Les notes sont dégradées en fonction des desiderata des financiers dominants et « les taux d’intérêt des banques montent (alors que les taux auxquelles les banques empruntent baissent) ». Au passage, après avoir laissé faire un Madoff ou un autre (qu’il soit un « électron » libre ou le président d’une banque, d’une mutuelle, d’une compagnie d’assurances de ce que l’on voudra), on sauve un peu les meubles de quelques affidés : « le liquidateur de l’affaire Madoff réclame 1 milliard de dollars à BNP Paribas… Ah oui, mais là, il s’agit de défendre de riches investisseurs ! ». Il y a parfois des dérapages, comme dans l’affaire Bernard Tapie contre le Crédit lyonnais, avec les conséquences que l’on sait : là, c’est directement le contribuable qui est mis à contribution, épiphénomène…

Achat, vente, du pareil au même

Toute transaction financière, qu’elle entraîne une perte ou un gain, enrichit les intermédiaires.

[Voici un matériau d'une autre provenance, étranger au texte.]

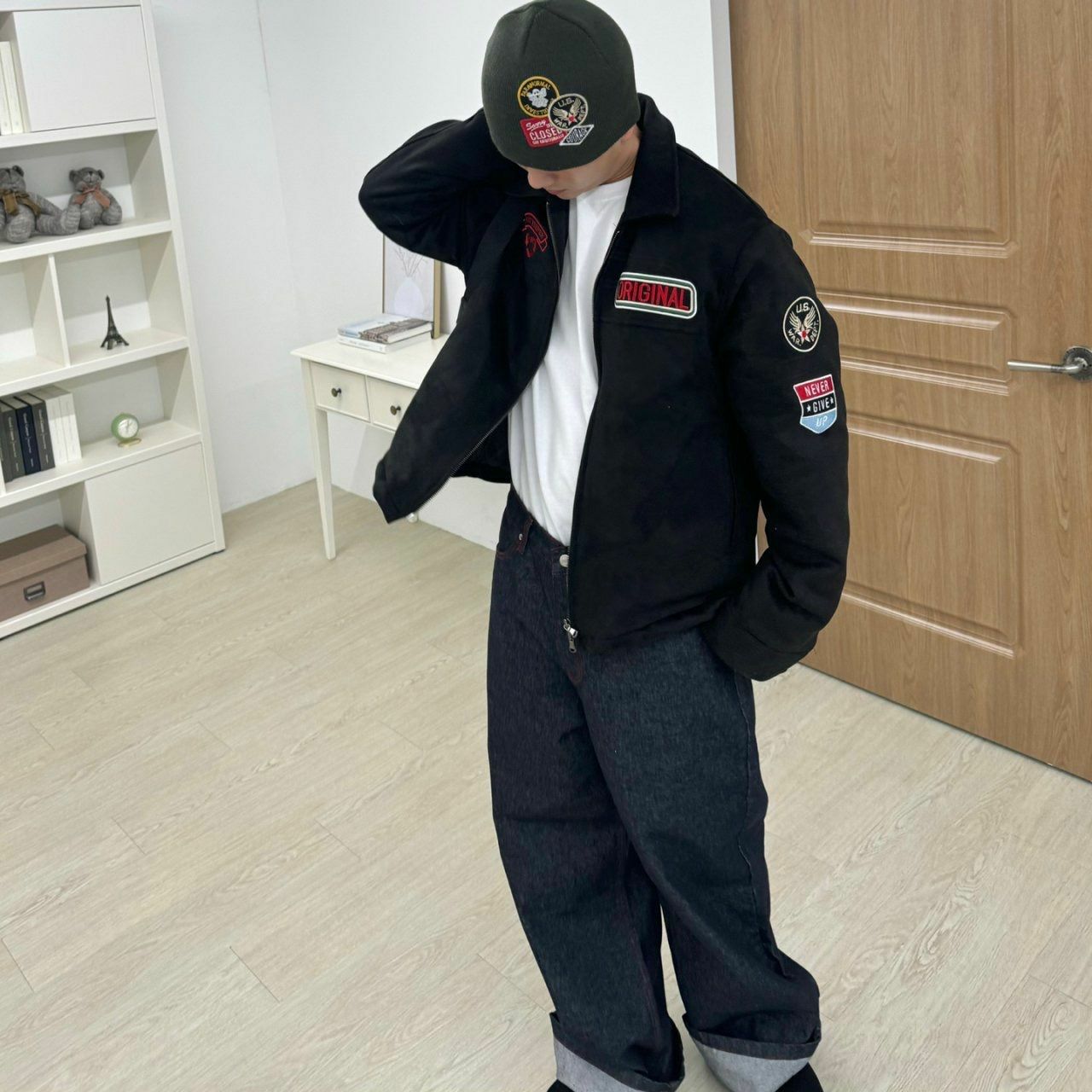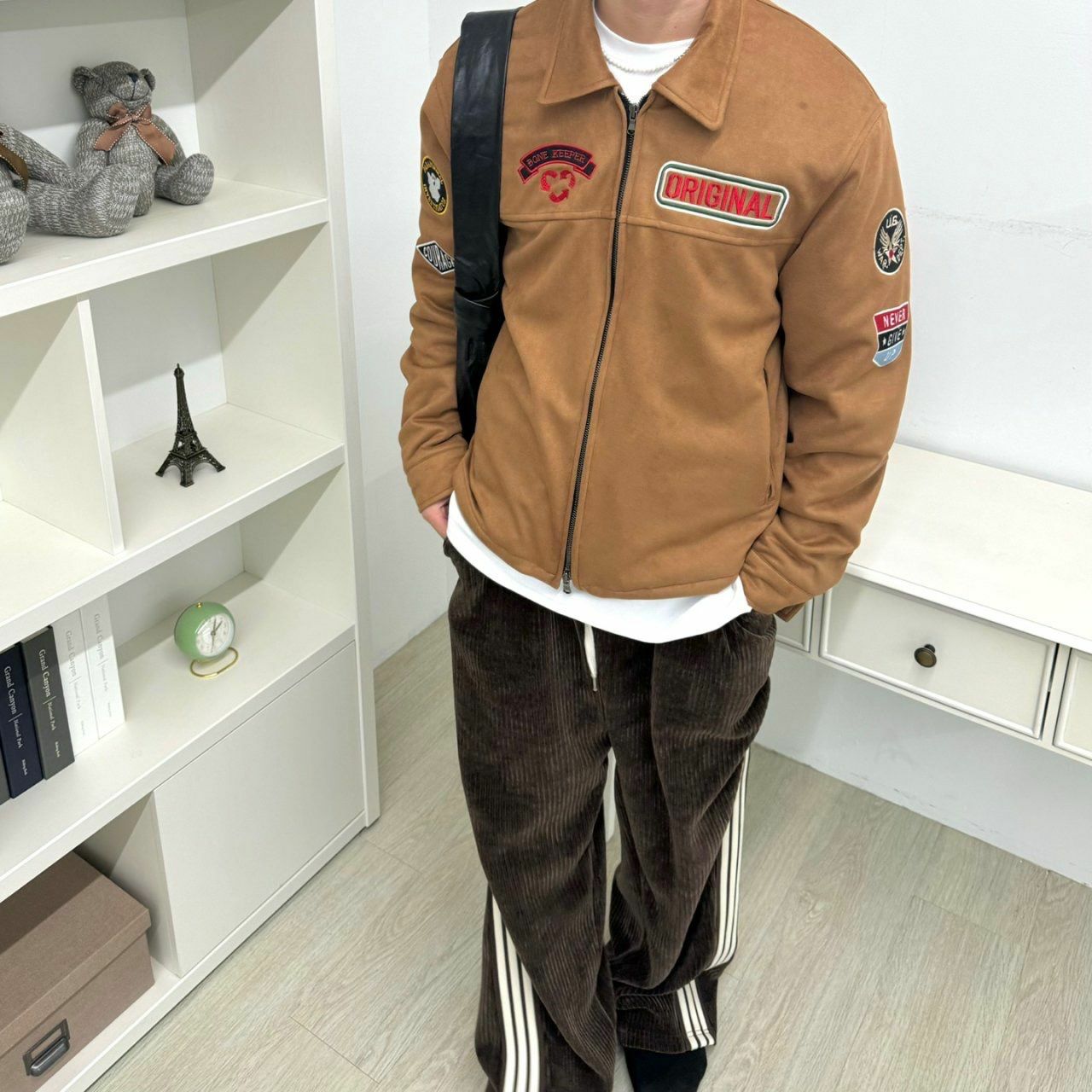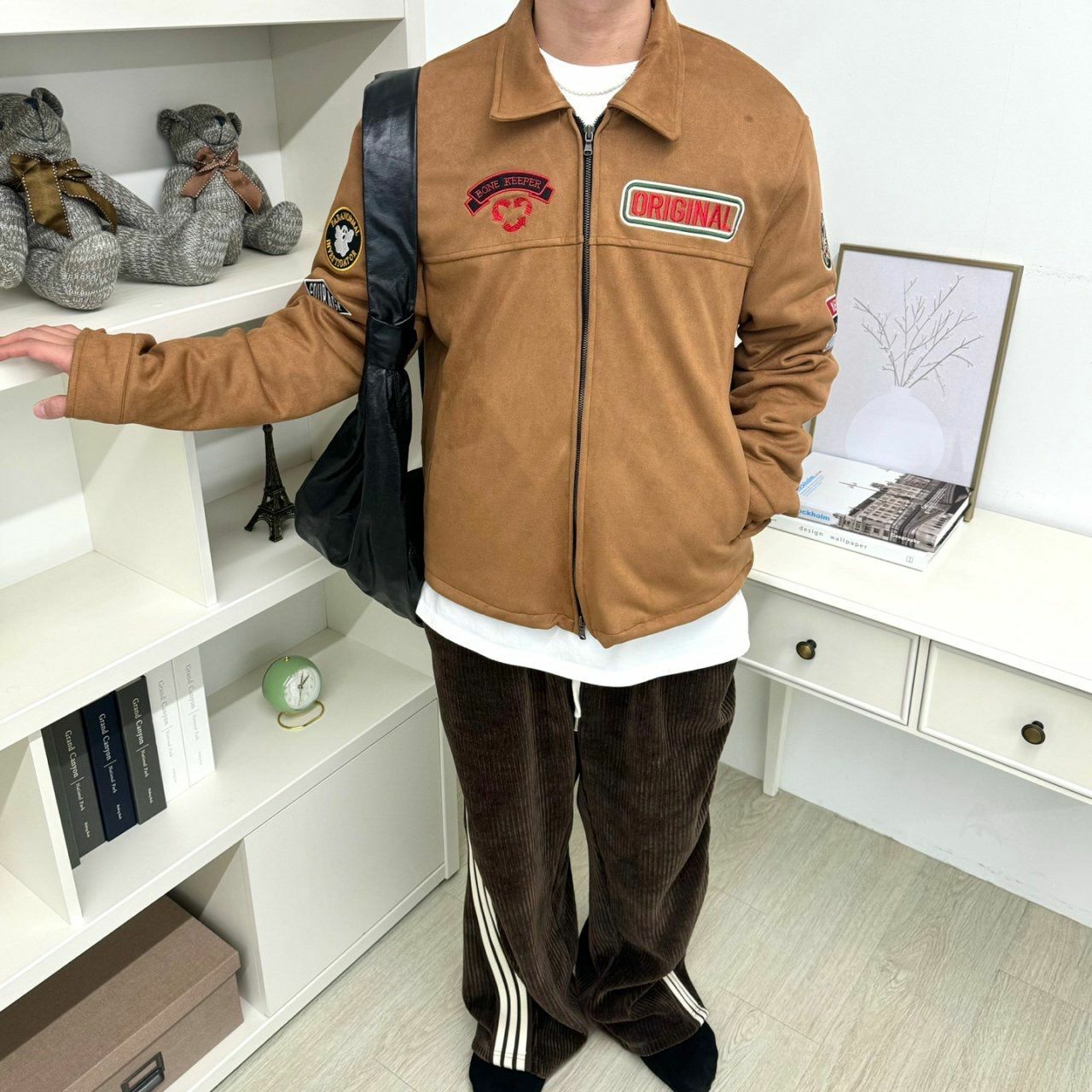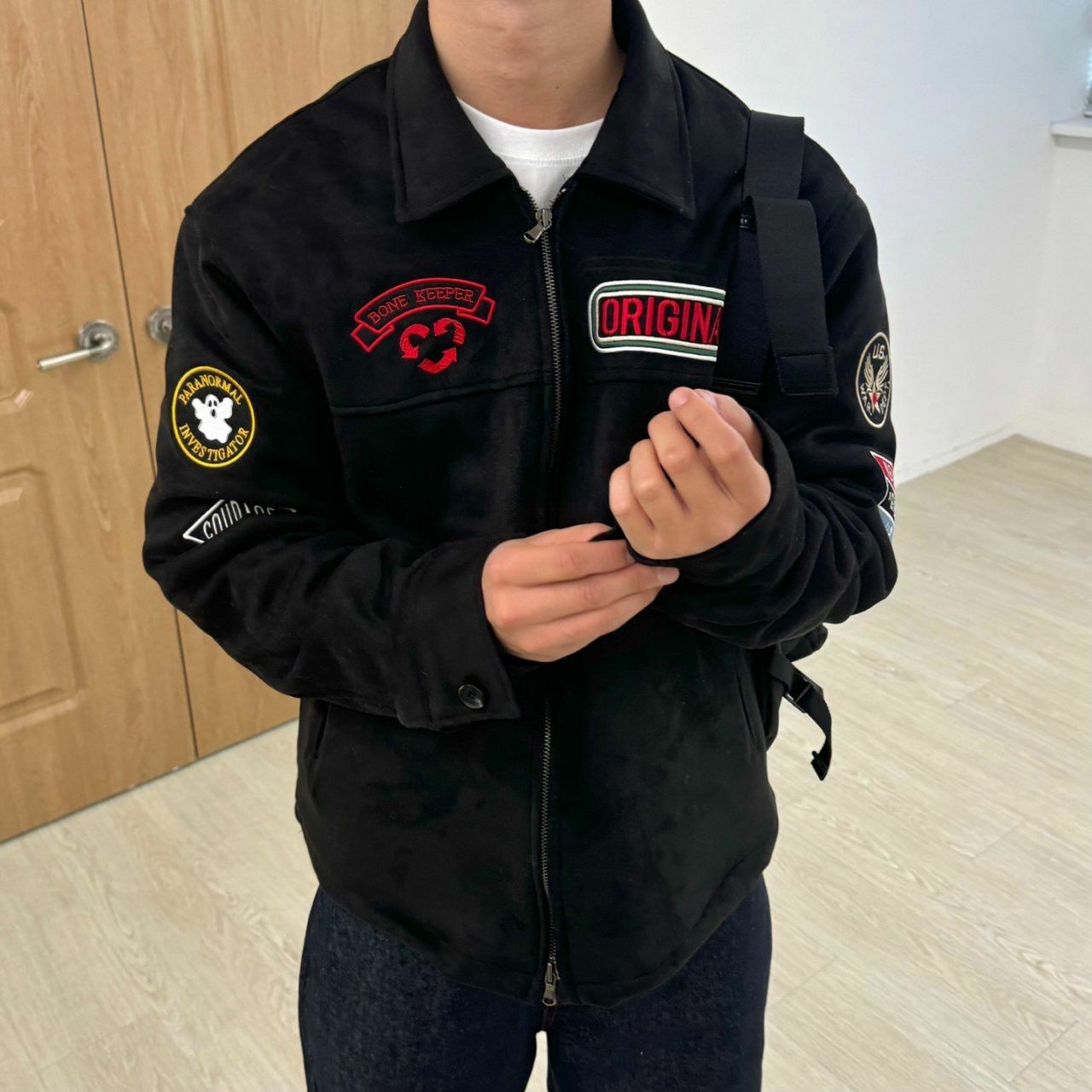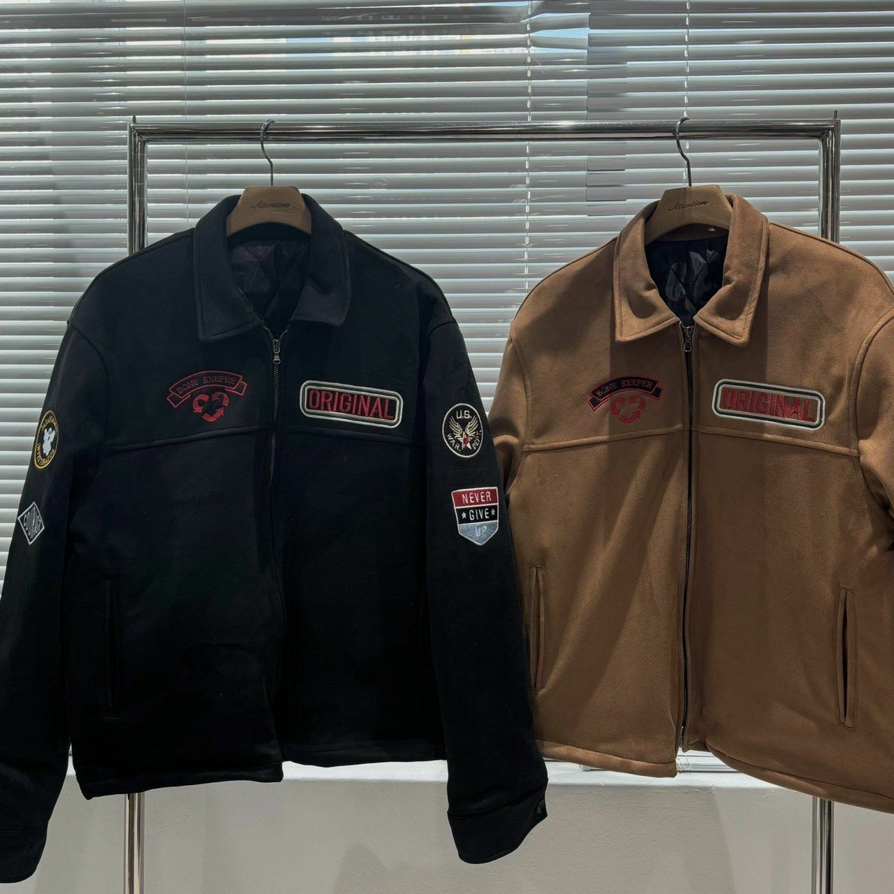 反領綉章拉鍊猄面褸 BY ATTENTION-330JK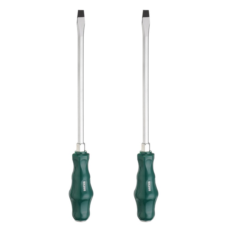 HARFINGTON 2pcs SL8 Flat Head Screwdriver 11.8" Magnetic Demolition Slotted Screwdrivers 7.9" CR-V with Ergonomic Handle for DIY Repairing, Green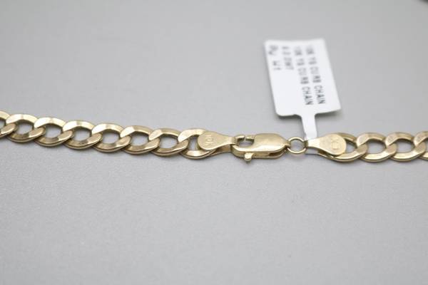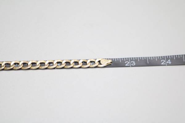 For your consideration, we present a stunning pre-owned 10K Yellow Gold Curb Chain, measuring an elegant 22.5 inches in length. Expertly cleaned, this eye-catching piece features a classic curb design and boasts a weight of 14.0 grams, making it a perfect addition to any jewelry collection. We invite you to examine the accompanying photos closely, as they showcase the chain's exquisite details and impeccable condition. Please note that the images provided are of the actual chain being offered for sale. To make your purchase even more convenient, we offer a flexible layaway plan that requires only a 30% deposit. You can pick up the item anytime during regular business hours. Local Pick-up only.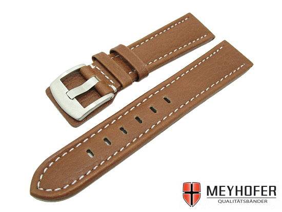 Watch band "Berlin" 24mm brown grained surface white stitching by MEYHOFER (width of buckle 22 mm)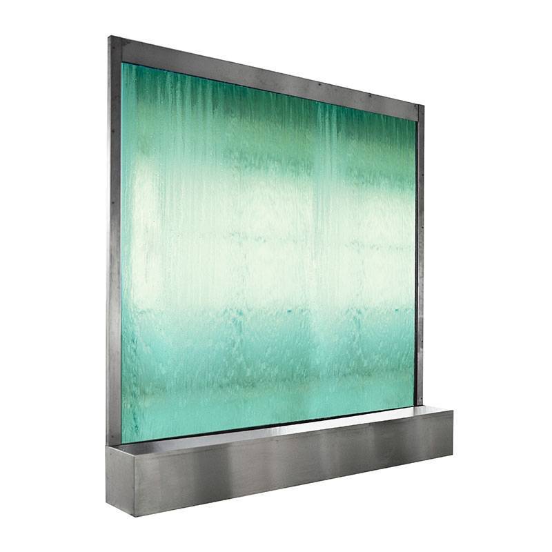 Rozsdamentes acél keret laminált üveggel és merülő vízszivattyúval az alapban.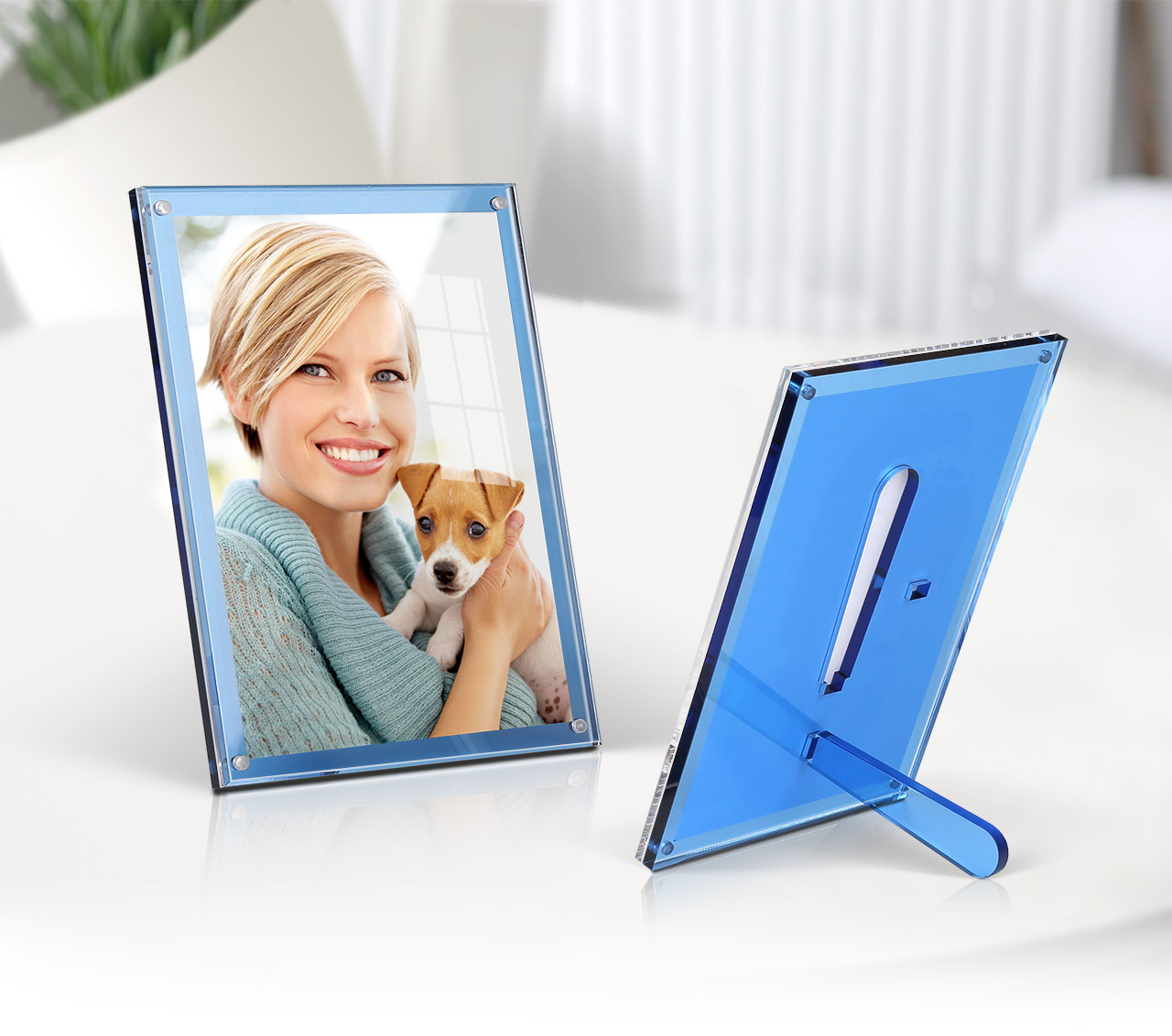 It is an interesting colorful acrylic magnetic photo frame, consisting of a transparent acrylic panel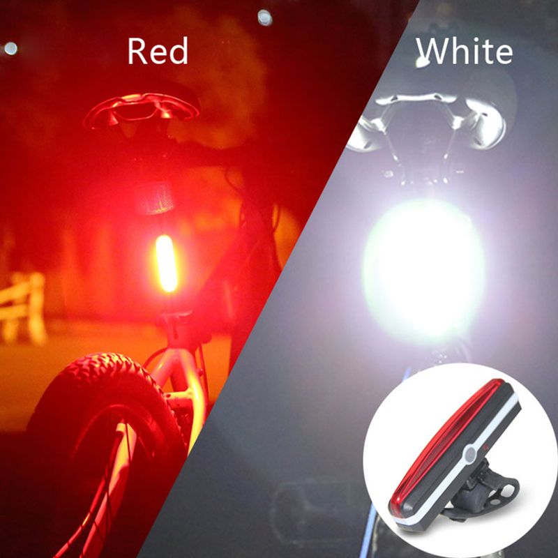 USB Rechargeable Bicycle Riding COB Tail Light Mountain Bike Bicycle LED Safety Warning Light Flashing Rear Light White Usb
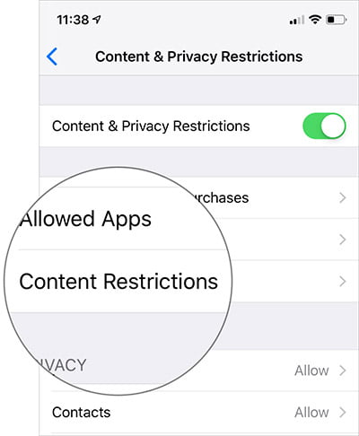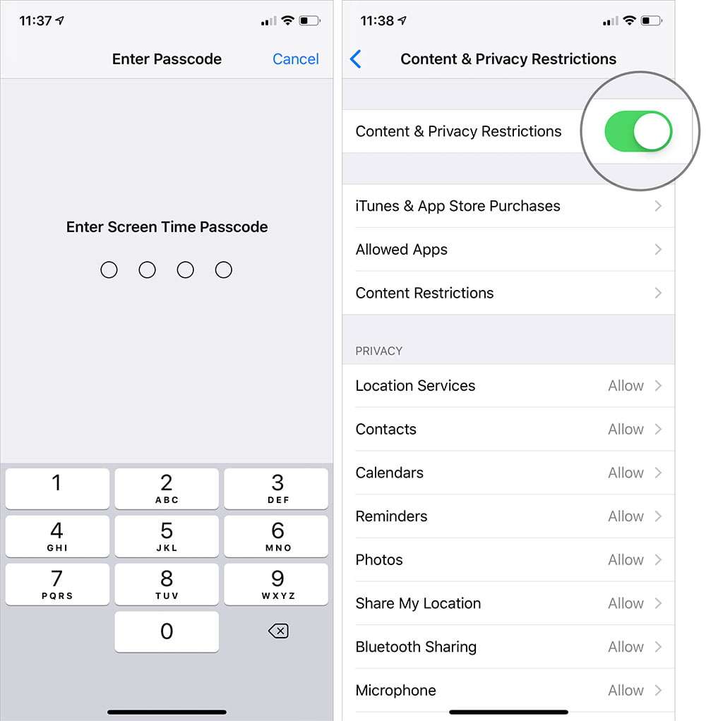 Paso 2. A continuación, es necesario introduzca el código de acceso de Screen Time y luego activar el interruptor junto a Restricciones de contenido y privacidad.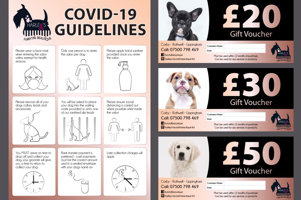 Harleys Covid Poster Flyers, Posters & Adverts, Stationery Covid-19 safety poster and editable e-gift voucher designs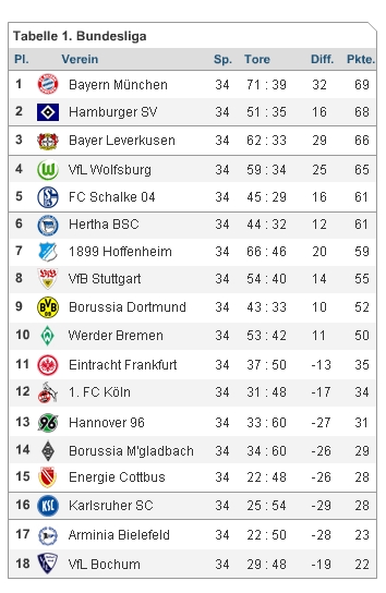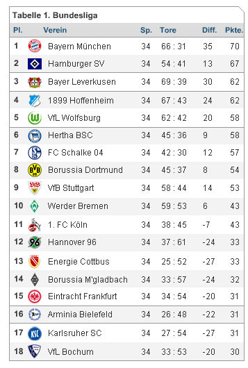 Wo landet Dein Verein am 34. Spieltag -> Tabellenrechner vom Kicker

Environ le tiers du prix d’un baril de brut s’évapore chez des spéculateurs. Un jour, le dollar australien est considéré à risques, l’autre la livre sterling est décrétée « valeur refuge », qu’importe, son tour reviendra. Les bonimenteurs commenteront à l’envie.

Ainsi de Valéry Giscard d’Estaing qui, toujours dans Le Point, alors qu’il n’avait rien fait pour contrecarrer les mesures prises sous Pompidou pour déréguler la finance, vient dénoncer les spéculateurs. « Les remous entraînés par le risque de défaillance des dettes souveraines de certains Etats européens, notamment la Grèce, étaient en train de s’apaiser, en raison des décisions judicieuses, quoique tardives, prises le 21 juillet. La spéculation, voyant s’éloigner ses espérances de profit, a cherché de nouvelles occasions. Elle pensait les trouver en Italie. Mais la baisse de la notation des États-Unis lui a proposé un autre choix : est-ce qu’un événement semblable ne pourrait pas concerner un grand pays européen, et alors, lequel ? Son attention a été attirée sur le cas de la France, en raison de l’augmentation massive et constante de son endettement. ». On les a entendus beaucoup, les ex-proches de VGE, sous Balladur par exemple, s’inquiéter de la croissance de la dette ? Pas vraiment davantage que lui-même, qui, aujourd’hui, donne des conseils de vertu.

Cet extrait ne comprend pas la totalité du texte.